Spring forward: Five themes for the coming months

Feb 26th, 2019 | By | Category: ETF and Index News

By Chris Dhanraj, Head of the iShares Investment Strategy team, BlackRock.

Chris Dhanraj, Head of the iShares Investment Strategy team, BlackRock

Chris Dhanraj, Head of the iShares Investment Strategy team, BlackRock.

Tired of winter? Never fear: Once again, spring is near. For all of us, it is a time of growth, renewal, and restoration. For investors, it is also time to take stock of whether they are on course, or to identify potential storms that may lie ahead.

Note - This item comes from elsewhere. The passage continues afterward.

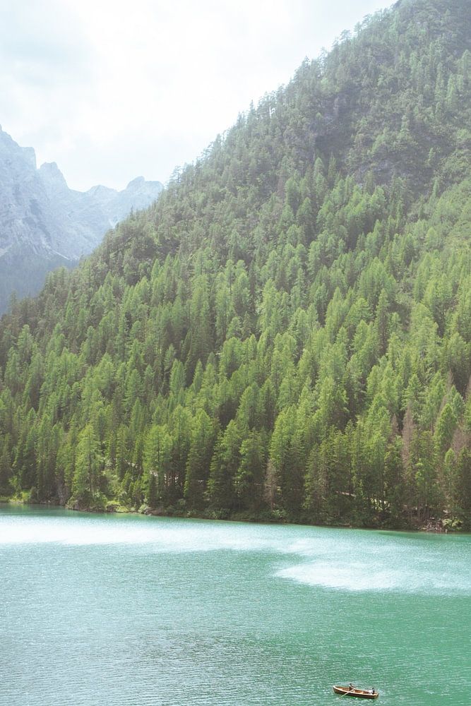 Photo mélancolique au Lago di Baries (Pragser Wildsee) dans les Dolomites, avec les montagnes et les canoës en arrière-plan. Cette image a été créée au cours d'une randonnée, lors d'une étape du voyage en Italie.

Although markets in 2019 have enjoyed a healthy start to the year, concerns over slowing growth, economic and earnings outlooks, and US-China and European political risks are ever-present. Investors should begin to consider defensive exposures.

Our take on the five major themes for this quarter:

  1. In US equities consider the healthy healthcare sector.

In an environment of slowing growth and less certain earnings outlooks, the resilient earnings growth of healthcare stocks is appealing. Plus, valuations broadly look reasonable compared to historical levels. Tactical investors may consider getting more granular by focusing on exposure to the medical devices industry.

Source: BlackRock.

Source: BlackRock.

  1. As leaders decide what’s next for Brexit, stay underweight UK and European stocks.

With Theresa May’s Brexit plan resoundingly defeated, she must now renegotiate a deal. We believe the United Kingdom is likely to avoid a hard exit with an extension of the March 29 deadline to exit and gain time to draft a passable proposal. But lingering uncertainty is likely to keep UK assets under pressure while a deeper slowdown in European and global growth only accentuates the challenges. We remain underweight UK and European equities.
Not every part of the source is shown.